Matter of Maxtone-Graham v Landmarks Preserv. Commn. of City of N.Y.
2003 NY Slip Op 18920 [1 AD3d 295]
November 25, 2003
Appellate Division, First Department
Published by New York State Law Reporting Bureau pursuant to Judiciary Law § 431.
As corrected through Wednesday, January 28, 2004


In the Matter of Katrina Maxtone-Graham, Appellant,
v
Landmarks Preservation Commission of the City of New York et al., Respondents, and The Allen-Stevenson School, Intervenor-Respondent.

— Judgment, Supreme Court, New York County (Edward Lehner, J.), entered on or about February 20, 2003, which dismissed the petition challenging a certificate of appropriateness issued by respondent Landmarks Preservation Commission on February 11, 2002, unanimously affirmed, without costs.
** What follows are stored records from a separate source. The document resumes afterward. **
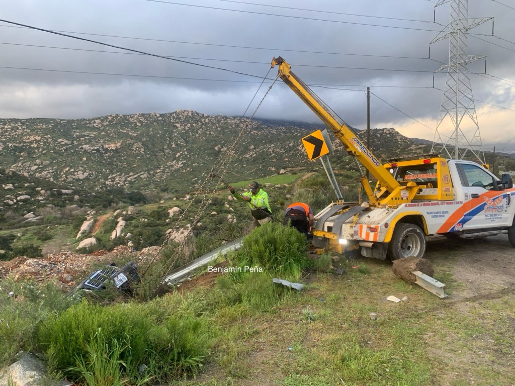📌UNA GRÚA HACE MANIOBRAS PARA RECUPERAR EL VEHÍCULO QUE SE FUE AL BARRANCO Y QUE ADEMÁS TUMBÓ PARTE DEL CERCO DE SEGURIDAD VIAL.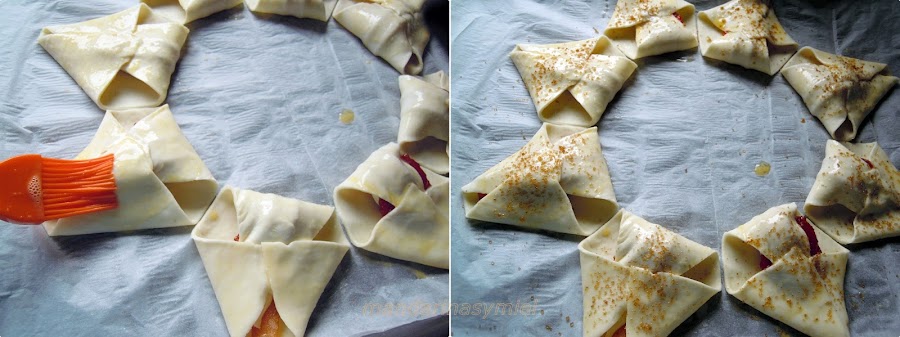 Pinta cada hojaldre con huevo batido y espolvorea con azúcar moreno.
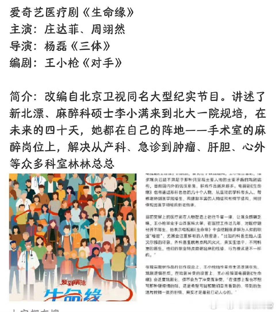 🥝医疗剧《生命缘》 庄达菲 周翊然二搭主演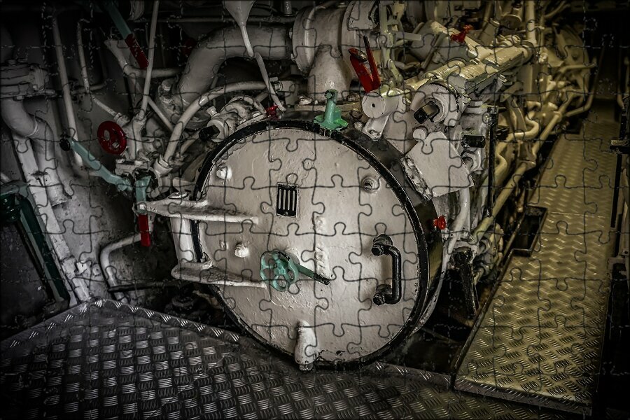 Магнитный пазл "Подводная лодка, торпедный аппарат, закрыто" на холодильник 27 x 18 см. информация: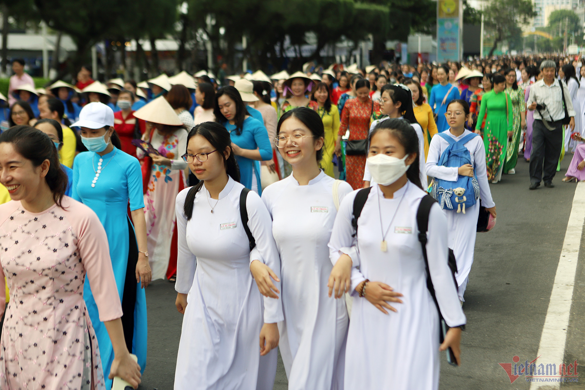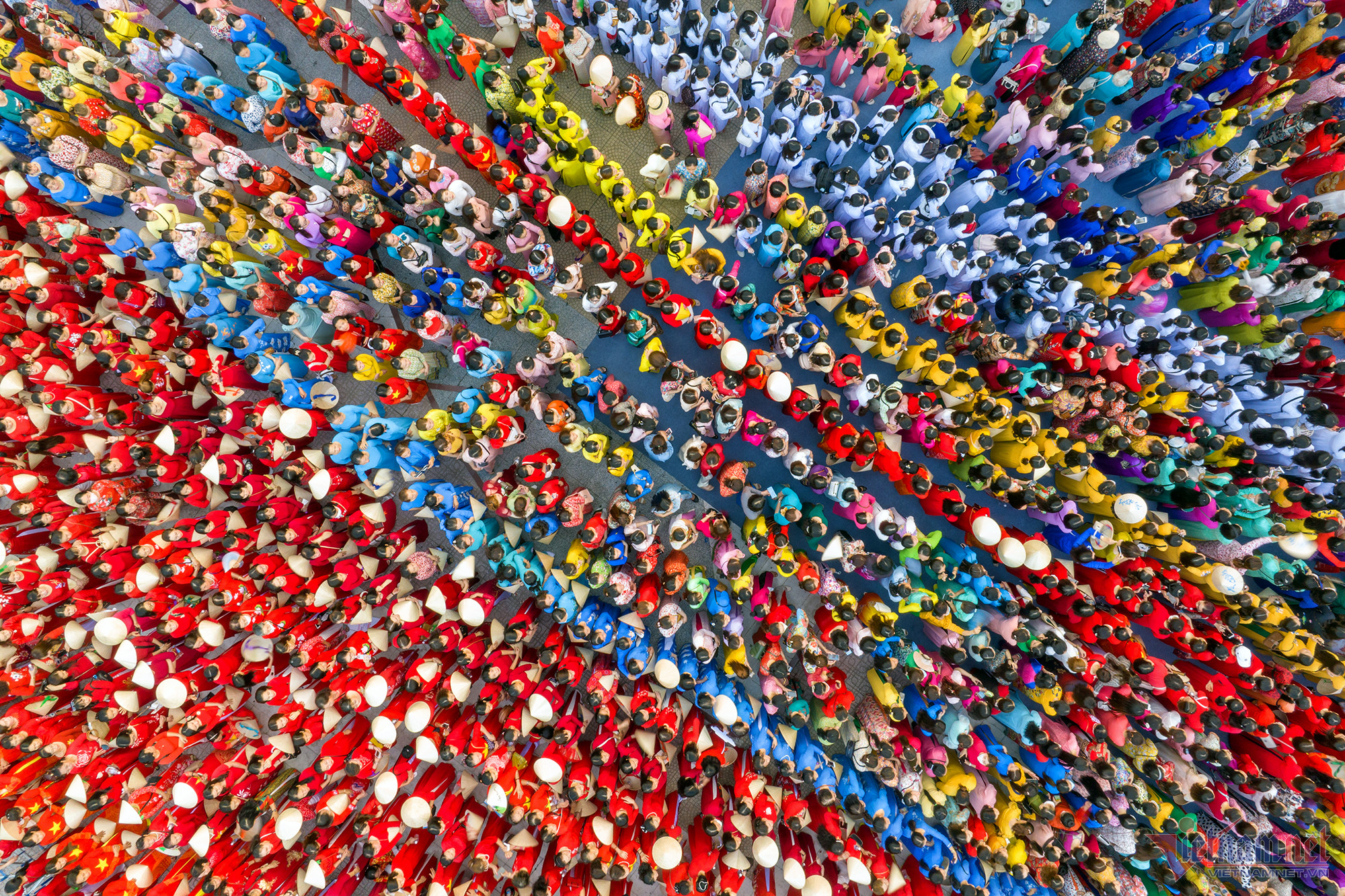 Sáng 4/6, hơn 6.000 người trong trang phục áo dài truyền thống và cách tân tập trung tại Quảng trường, TP Nha Trang để cùng diễu hành “Tôn vinh áo dài – di sản văn hóa Việt Nam”. Sự kiện do Liên hiệp Phụ nữ tỉnh Khánh Hòa tổ chức, nằm trong các hoạt động của Festival biển Nha Trang 2023. Ảnh: Vương Mạnh Cường - Xuân Ngọc.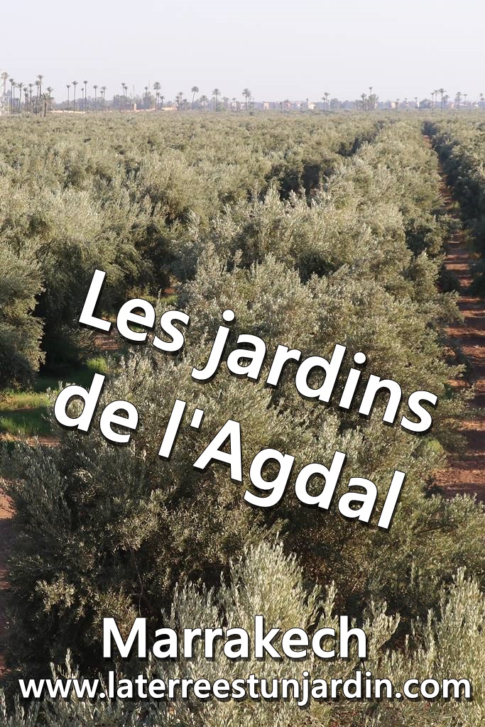 Les jardins de l’Agdal s’étendent sur un plan légèrement incliné dominant la ville. Les jardins sont divisés en enclos jardinés de forme rectangulaire. Le premier enclos, celui de l’orangeraie, est placé près du grand bassin afin de profiter d’une eau rare et convoitée. Les agrumes représentaient une nouveauté botanique pour l’époque. L’oranger d’origine chinoise et le citronnier d’origine indienne n’ont été introduits en Europe qu’au 12e siècle via le Maroc et l’Andalousie. Le second enclos était le plus étendu. Il accueillait une immense oliveraie. Plus loin, s’étendaient des vignobles.
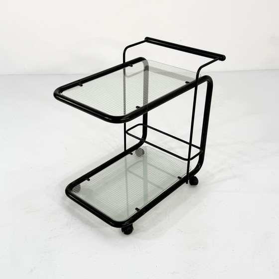 Schwarzer postmoderner Servierwagen mit Quaderna-Muster, 1980er Jahre Design Periode - Achtziger Jahre Maße - Breite 46 cm x Tiefe 69 cm x Höhe 72 cm Materialien - Metall, Glas Farbe - Schwarz Kommentare - Leichte Abnutzung im Einklang mit Alter und Gebrauch.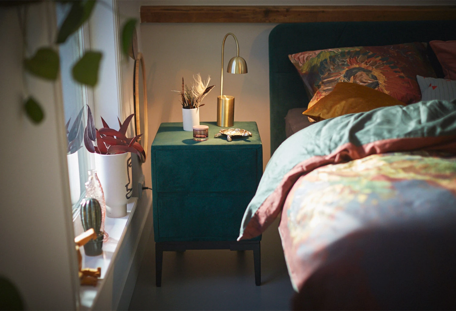 Gefällt Ihnen eine einfache Basis mit expressiven Farben, kombiniert mit funky Aspekten, wie zum Beispiel bedruckten Stoffen, persönlichen Fundstücken und weichen Materialien? Dann passt der Schlafzimmerstil Eclectric Retro perfekt zu Ihnen.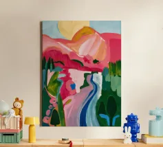 Un vivace paesaggio astratto con forme fluide che suggeriscono colline colorate, un fiume tortuoso e un cielo dinamico, in rosa, rosso, blu, verde e giallo.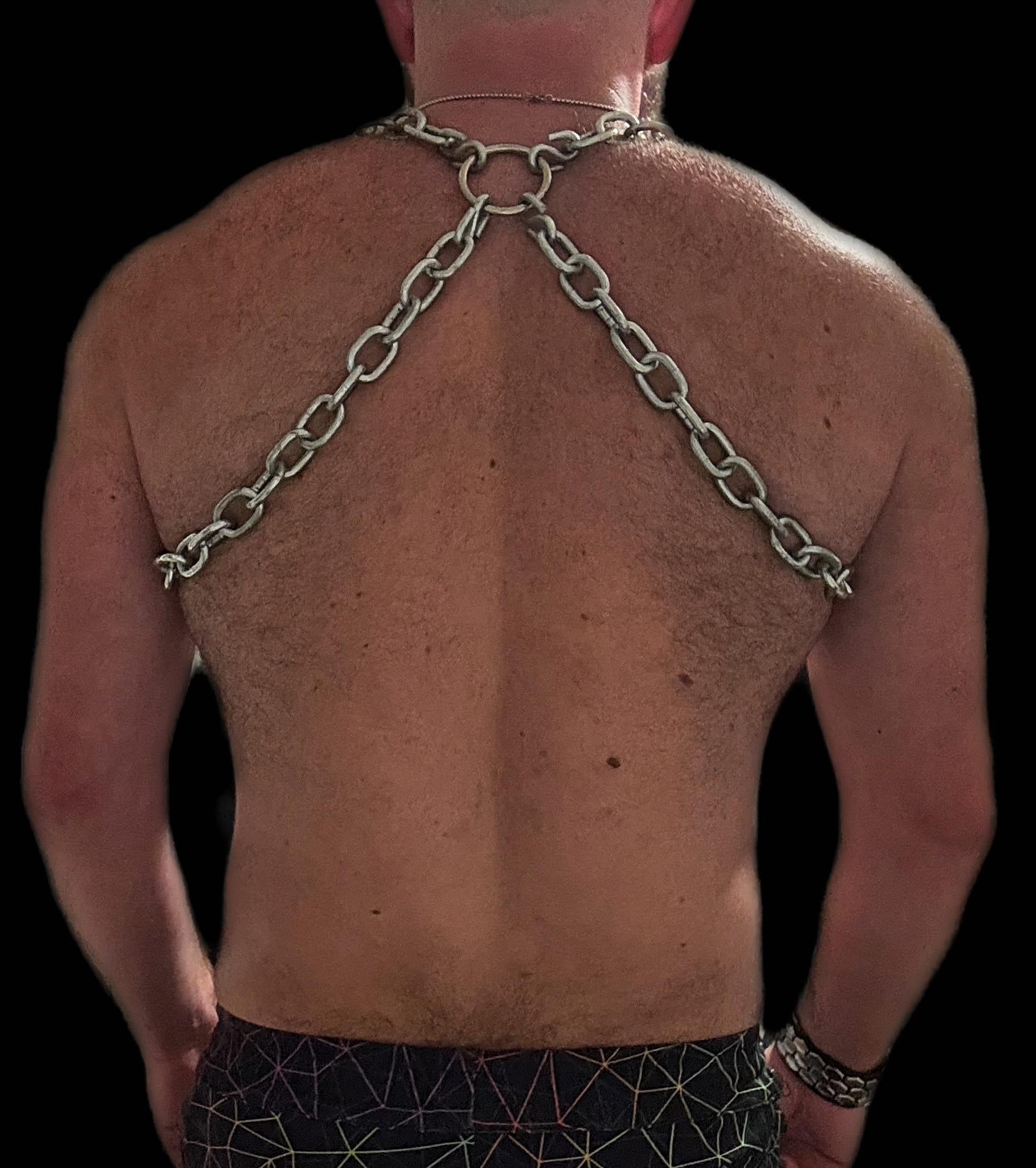 This stunning, handcrafted chain harness is built from chains, seamlessly connected with durable O-ring clips. Designed to make you stand out, it features our four adjustable turnbuckles at the back, offering about 2 inches of flexibility for the perfect fit. Pair it with a Jockstrap and other bold add-ons to complete your look.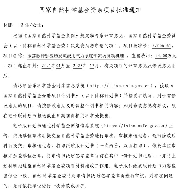 湖南日报·新湖南客户端9月23日讯(通讯员 邓岭)日前,国家自然科学基金委员会公布了2020年度国家自然科学基金立项资助名单,beat365正版唯一官网必一能源与机电工程学院水射流团队林鹏博士主持的《振荡脉冲射流诱发疏浚用气力泵底部流场脉动机理》项目获批青年科学基金立项资助。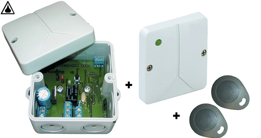 nicht kurzschließen kann. Beide Einheiten werden einfach über ein zweiadriges Kabel verbunden. Zum Öffnen oder Schließen wird lediglich der codierte Schlüssel vor den Leser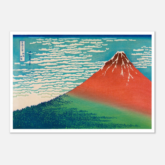 Tiempo despejado con viento favorable (凱風快晴, Gaifū kaisei) , a menudo llamado Fuji Rojo, es una xilografía japonesa del artista ukiyo-e japonés Katsushika Hokusai . Esta obra representa el Monte Fuji iluminado por las primeras luces del amanecer. Los vivos colores, desde el rojo intenso hasta el azul del cielo, capturan un momento de calma y majestuosidad natural, simbolizando la serena fuerza de esta montaña sagrada.
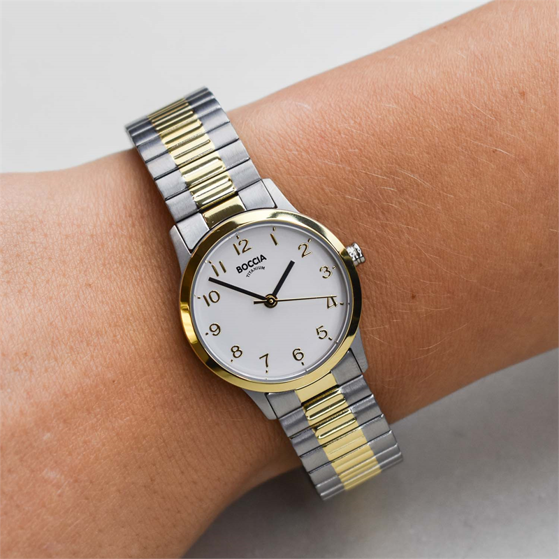 Dit dameshorloge van Boccia Titanium heeft een nette uitstraling. De bi-color titanium horlogekast zorgt voor een stijlvolle look en de witte wijzerplaat maakt het horloge klassiek. Het horloge heeft een ronde kast met een diameter van 26mm, een mineraalglas, en is 5ATM. Combineer dit prachtige exemplaar met de andere sieraden van Boccia Titanium voor een complete look. Aan de titanium kast zit een bi-color schakel band.

The parties agree that the issuance of the certificate of appropriateness would have required a second public hearing had the proposal, considered at the public meeting in response to community objections, been a substantial deviation from that originally presented (see e.g. Coalition of Institutionalized Aged & Disabled v Perales, 200 AD2d 704 [1994]). Since this question turns on esoteric architectural aspects of the original and amended proposals, it cannot be answered without knowledge within respondent agency's particular area of expertise. Therefore, the IAS court appropriately deferred to the agency's determination (see Matter of Committee to Save the Beacon Theater v City of New York, 146 AD2d 397, 405 [1989]), which had a rational basis (see e.g. City of New York v Shakespeare, 202 AD2d 237 [1994], lv dismissed 84 NY2d 923 [1994]). Significantly, the public was fully apprised, in the initial public hearing, of the intervening respondent's intent to build into the space behind its brownstone building, albeit in a cantilevered design that was subsequently modified. Concur—Nardelli, J.P., Andrias, Rosenberger and Friedman, JJ.